=== Begin Enclosure ===

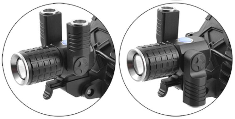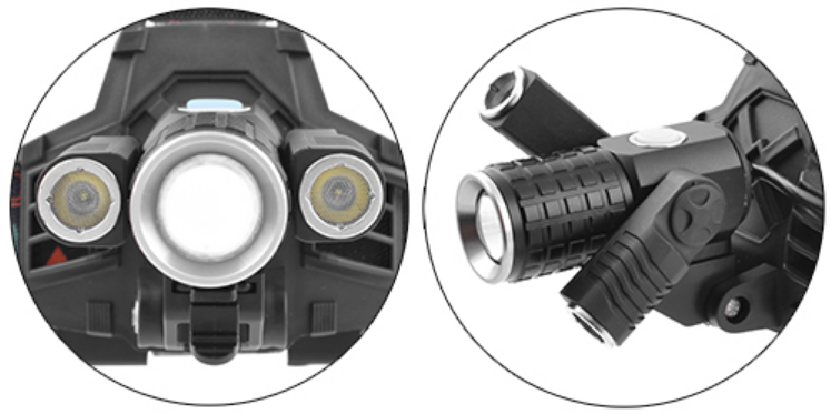 Додаткові характеристики: Регульований кут нахилу голови ліхтаря до 100 градусів. Бічні вогні можуть повертатися на 180 градусів. Може працювати від 1 акумулятора 18650, може використовуватися як велосипедна фара.
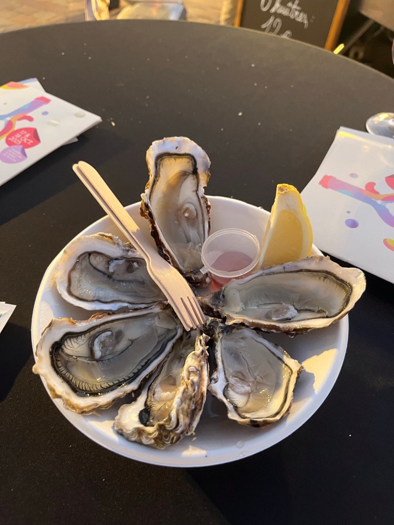 As well as the wine, you can buy charcuterie and other food. I was intrigued by the oyster stand. I love oysters so thought it would be fun to have some. The stand workers were shucking fresh oysters for each order. The oysters came with mignonette sauce, fresh lemons and forks to eat them. Six oysters cost 12 euros.
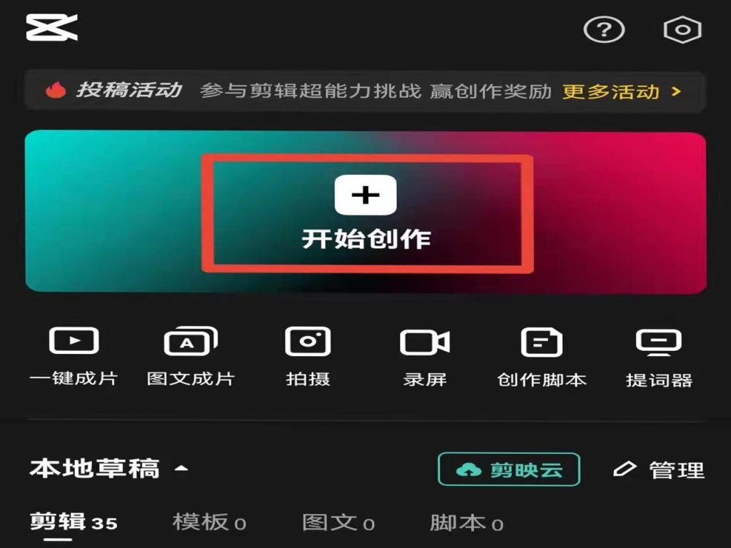 1、打开手机剪映,点击“开始创作”上方的“+”图标。
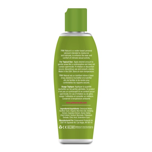 PINK Natural is our new water-based lubricant designed for women and couples looking for very high-quality body-conscious formulations. PINK Natural combines de-ionized water and organic Aloe Vera, fortified with extracts of Ginseng, Guarana and Avena Sativa (Oat). We minimized or removed most other ingredients from our very popular PINK Water formula to create PINK Natural.
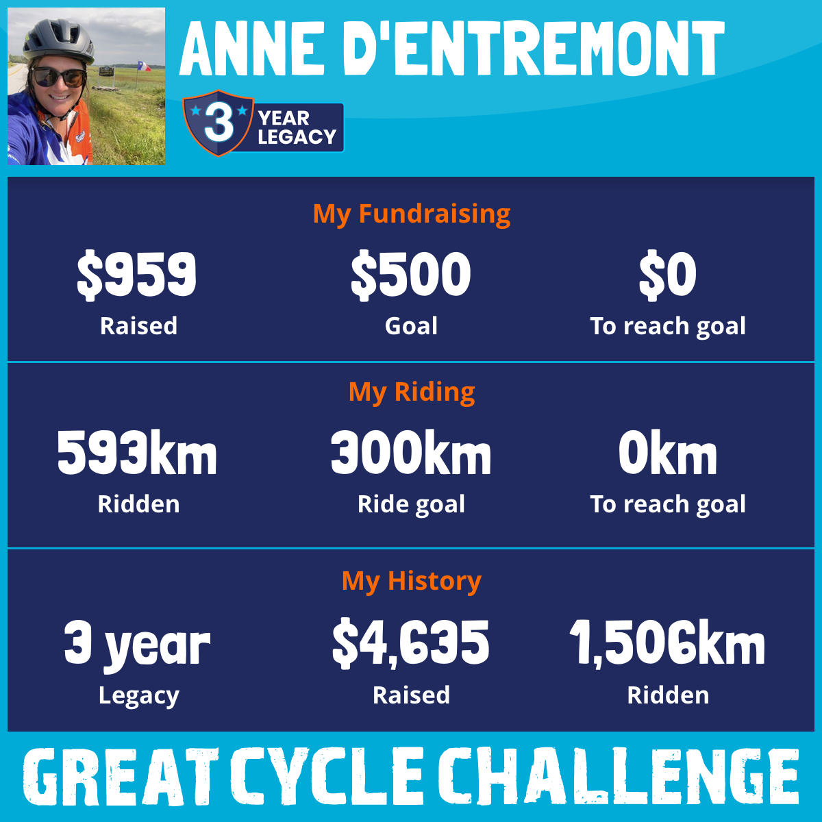 593 km Ridden$959 Raised2026

=== End Enclosure ===

WHAT IS REQUIRED:
Where the data contains an image, skip the image and copy everything else exactly as it appears.

TASK ANSWER:
 Додаткові характеристики: Регульований кут нахилу голови ліхтаря до 100 градусів. Бічні вогні можуть повертатися на 180 градусів. Може працювати від 1 акумулятора 18650, може використовуватися як велосипедна фара.
 As well as the wine, you can buy charcuterie and other food. I was intrigued by the oyster stand. I love oysters so thought it would be fun to have some. The stand workers were shucking fresh oysters for each order. The oysters came with mignonette sauce, fresh lemons and forks to eat them. Six oysters cost 12 euros.
 1、打开手机剪映,点击“开始创作”上方的“+”图标。
 PINK Natural is our new water-based lubricant designed for women and couples looking for very high-quality body-conscious formulations. PINK Natural combines de-ionized water and organic Aloe Vera, fortified with extracts of Ginseng, Guarana and Avena Sativa (Oat). We minimized or removed most other ingredients from our very popular PINK Water formula to create PINK Natural.
 593 km Ridden$959 Raised2026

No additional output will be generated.